▸ **Prompt**
Give back exactly the lines starting at the one with "- Dammsugaren får" and ending at the last line of the data below. Pictures are not part of the copy.

Top of Supplied data

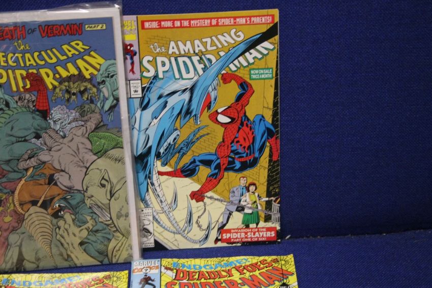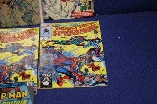 A COLLECTION OF MARVEL AND DC SPIDER-MAN COMICS, to include Marvel team up Spider-man and Captain Britain issue 65 1978, The Spectacular Spider-man Death of Vermin part 2 issue 195 1992 x 2, Superman and Swamp Thing issue 8 1979 etc (7)
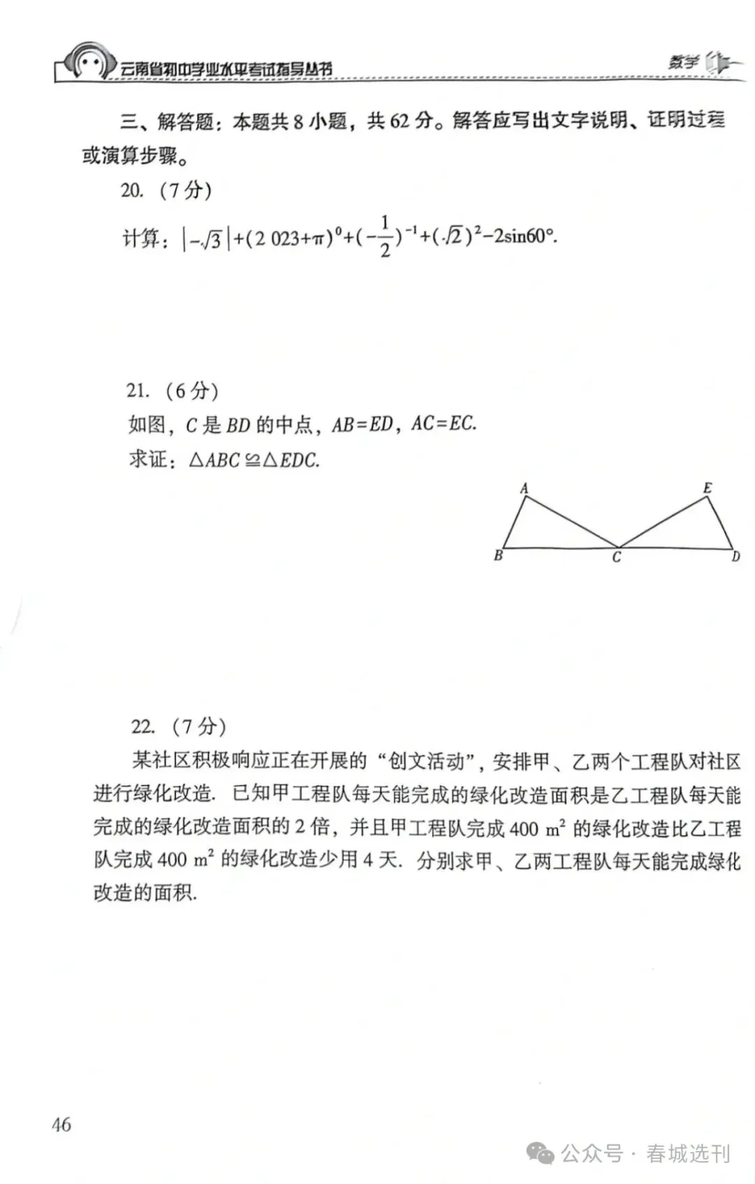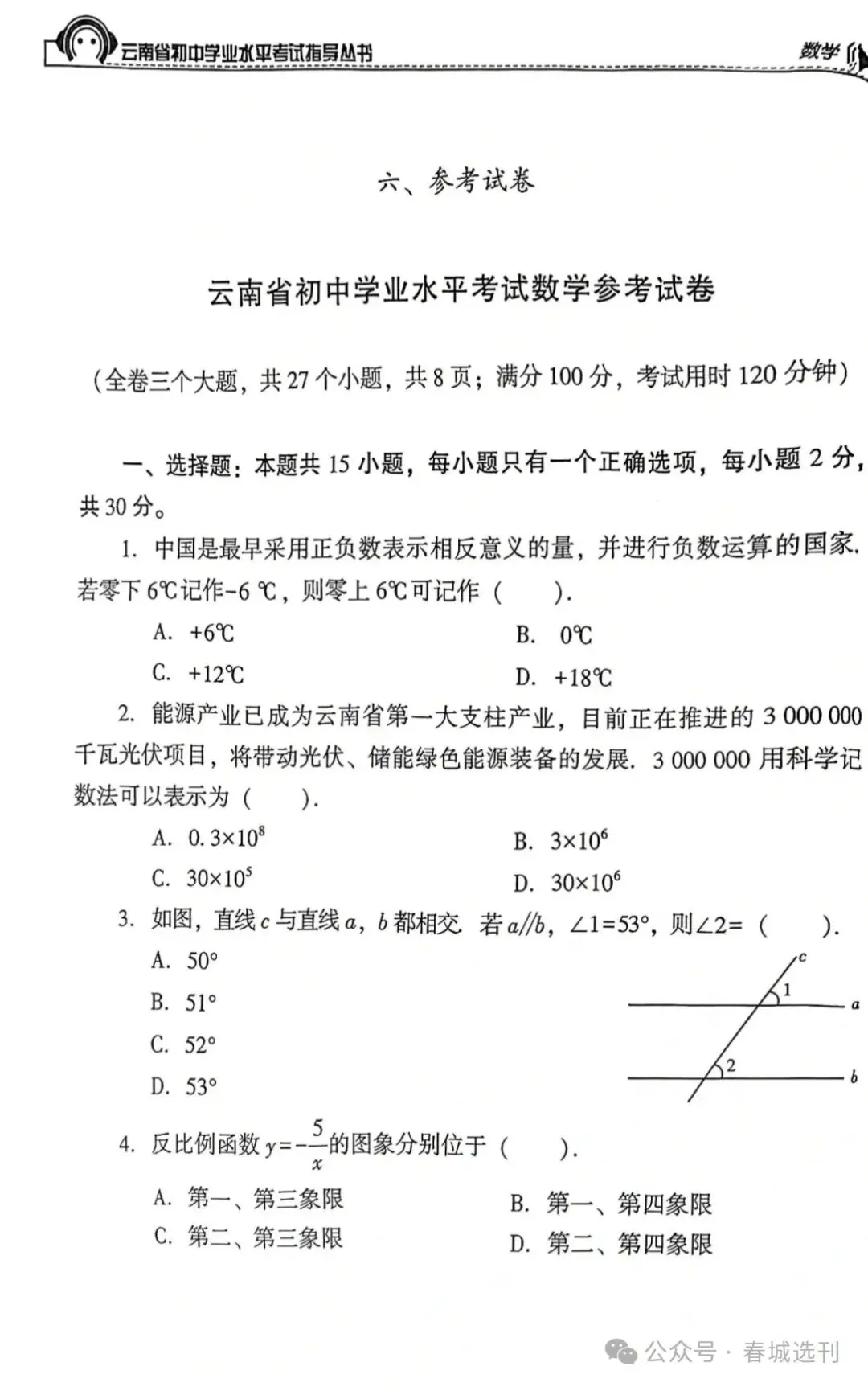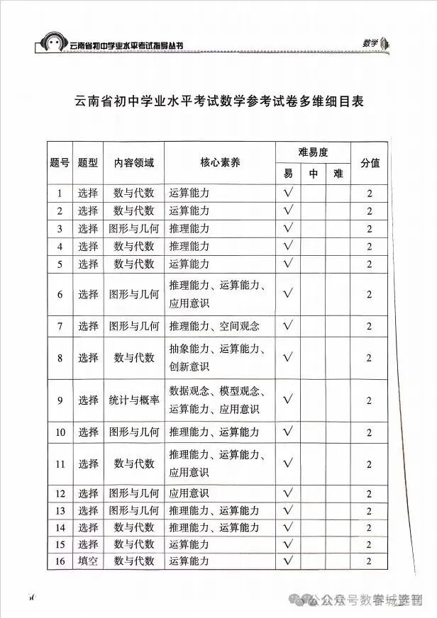 从样卷来看,2026年云南中考数学的整体难度保持稳定,没有出现偏题、怪题,重点依然是对基础知识和核心能力的考查。
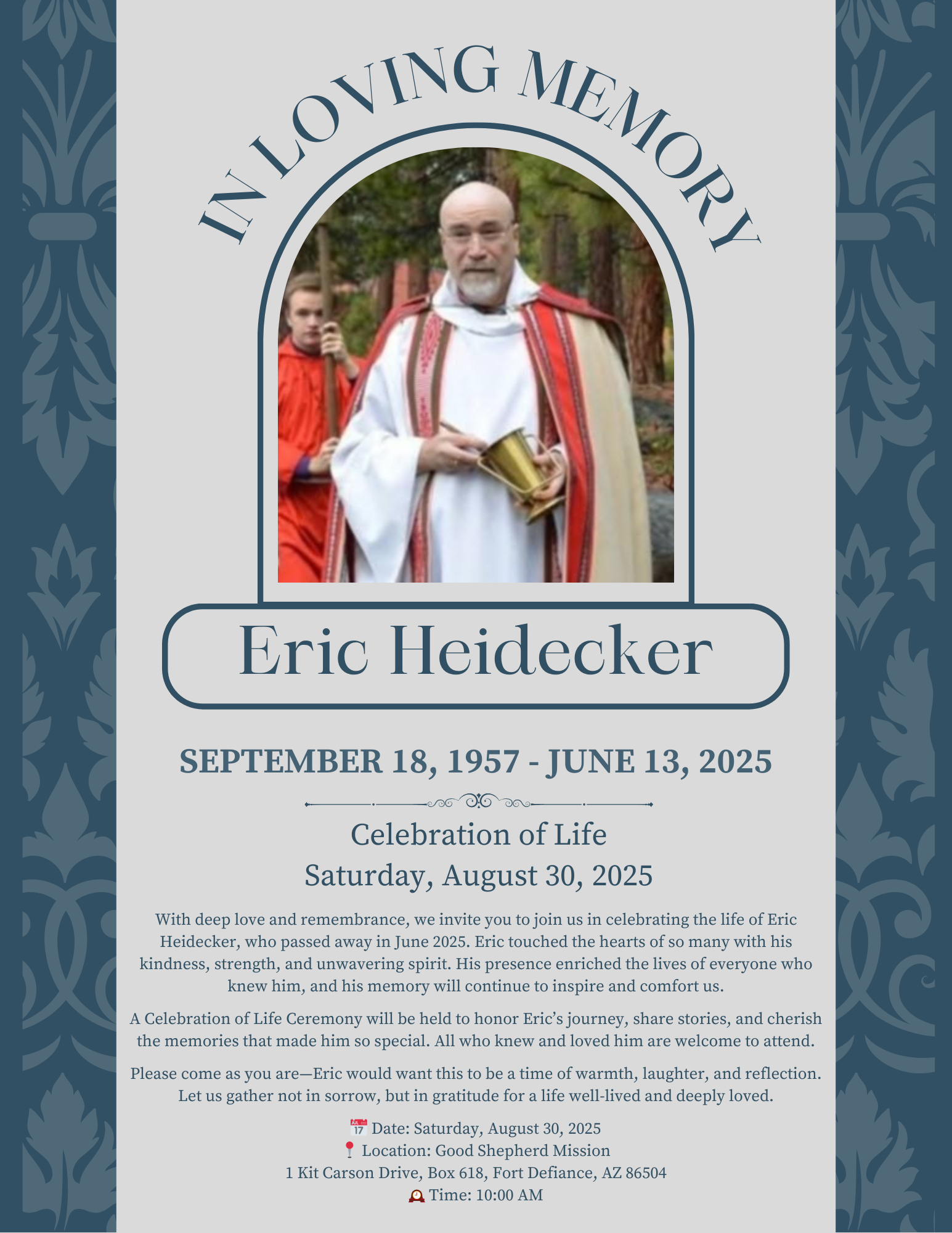 In Loving Memory of Eric Heidecker Celebration of Life – August 30, 2025 With deep love and remembrance, we invite you to join us in celebrating the life of Eric Heidecker, who passed away in June 2025. Eric touched the hearts of so many with his kindness, strength, and unwavering spirit. His presence enriched the […] |
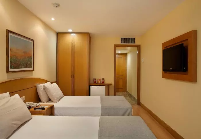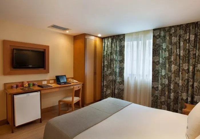 Het hotel beschikt over 70 lichte, functionele kamers, elk voorzien van airconditioning, wifi, een minibar, een TV, een kluis en een eigen badkamer, zodat u na een dag vol indrukken comfortabel kunt ontspannen.
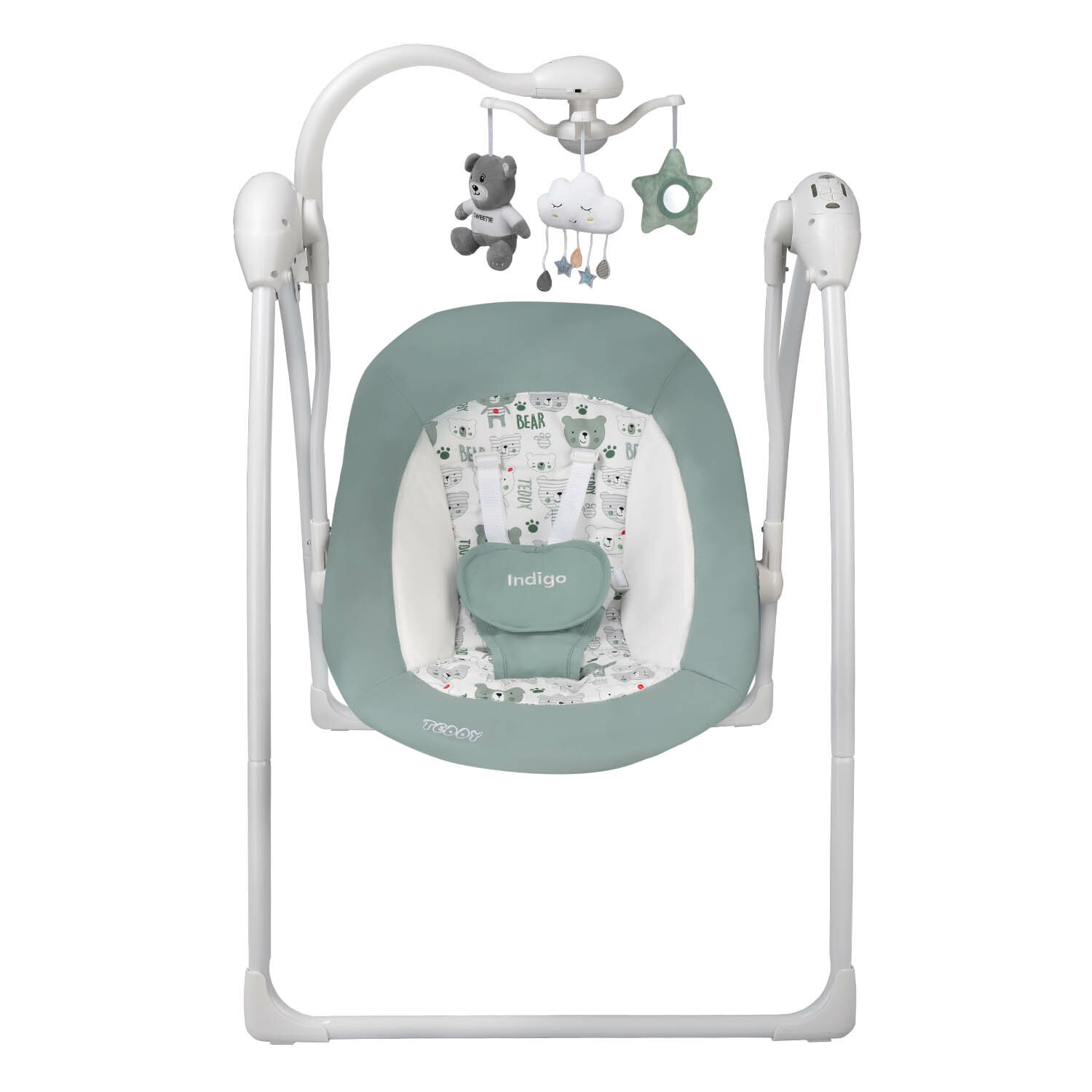 Купить Электронные качели TEDDY (0-9 кг), с адаптером, п/у,12 мел,5 скоростей, москитка(упак.2шт.)(Indigo) (зеленый)
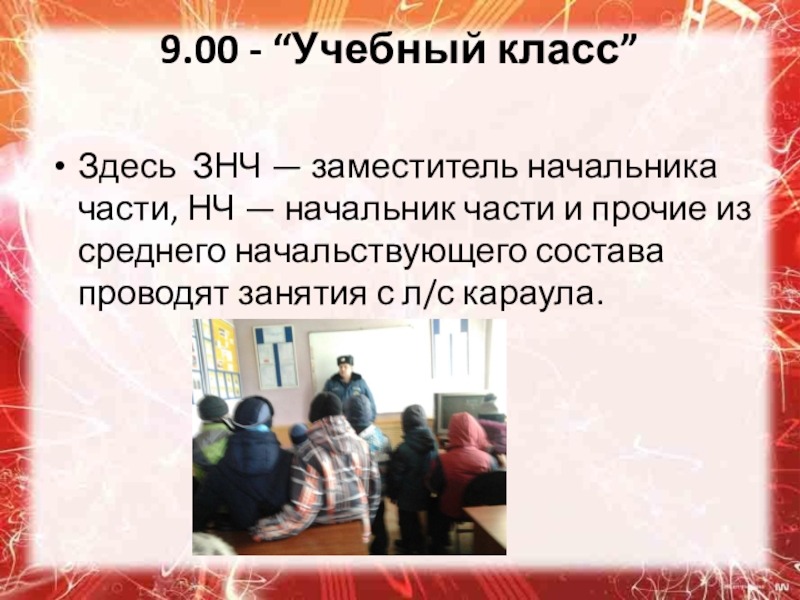 и прочие из среднего начальствующего состава проводят занятия с л/с караула.
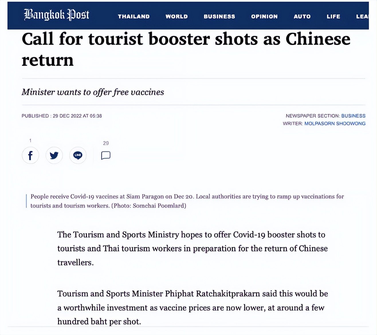 ● 《曼谷邮报》报道,泰国正考虑让入境旅客免费接种疫苗
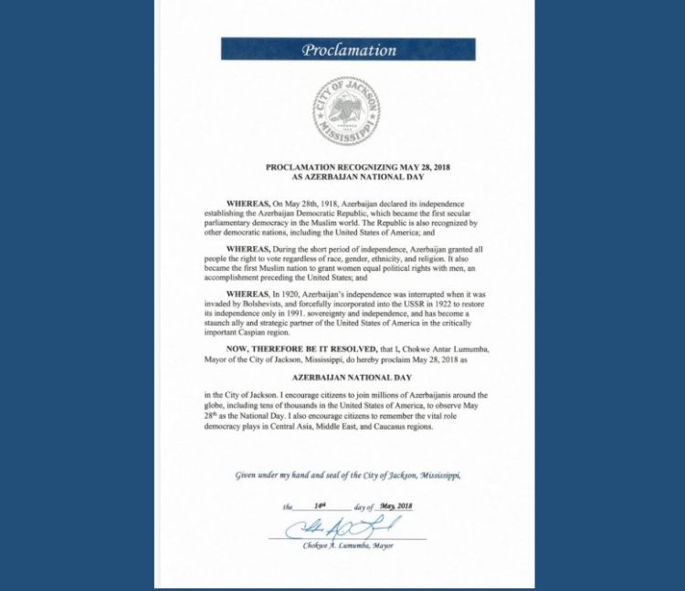 ABŞ-ın Missisipi ştatının paytaxtı və ən böyük şəhəri olan Cəksonun meri Çokvi Antar Lumumba Azərbaycan Xalq Cümhuriyyətinin qurulmasının 100 illik yubileyi münasibətilə rəsmi bəyannamə imzalayıb.
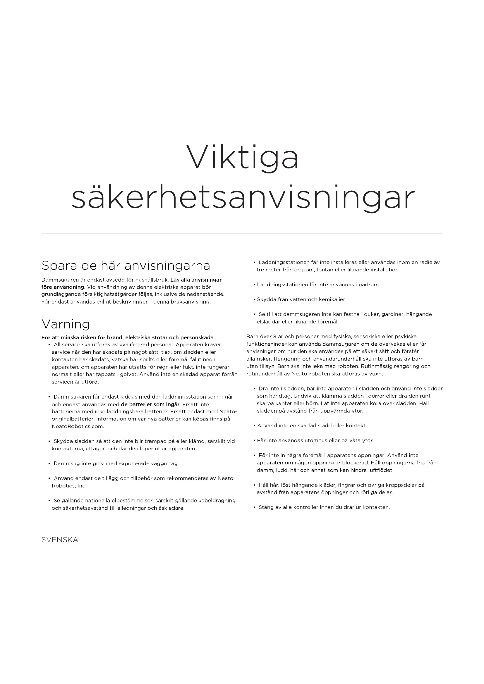 - Dammsugaren får endast laddas med den laddningsstation som ingår och endast användas med de batterier som ingår. Ersätt inte batterierna med icke laddningsbara batterier. Ersätt endast med Neato- originalbatterier. Information om var nya batterier kan köpas finns på NeatoRobotics.com.
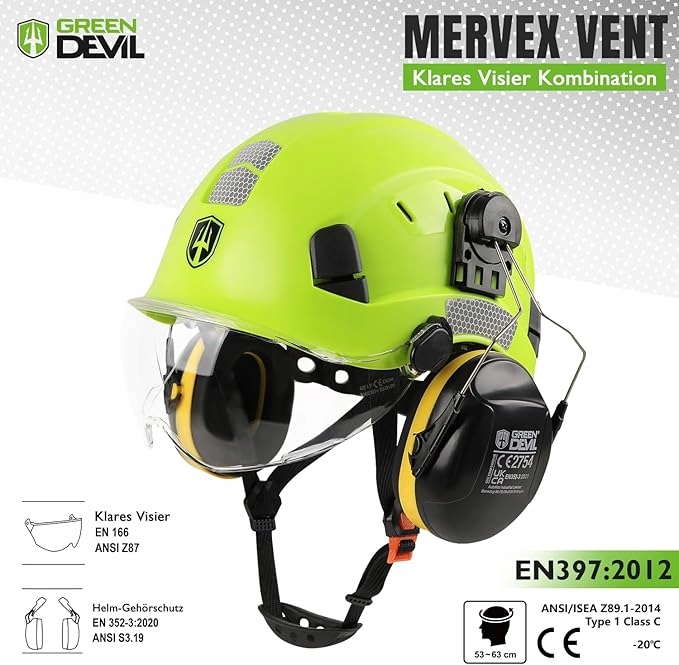 Kask Ochronny GREEN DEVIL 3w1 z Wizjerem i Nausznikami, EN 397

Bottom of Supplied data

▸ **Exercise solution**
 - Dammsugaren får endast laddas med den laddningsstation som ingår och endast användas med de batterier som ingår. Ersätt inte batterierna med icke laddningsbara batterier. Ersätt endast med Neato- originalbatterier. Information om var nya batterier kan köpas finns på NeatoRobotics.com.
 Kask Ochronny GREEN DEVIL 3w1 z Wizjerem i Nausznikami, EN 397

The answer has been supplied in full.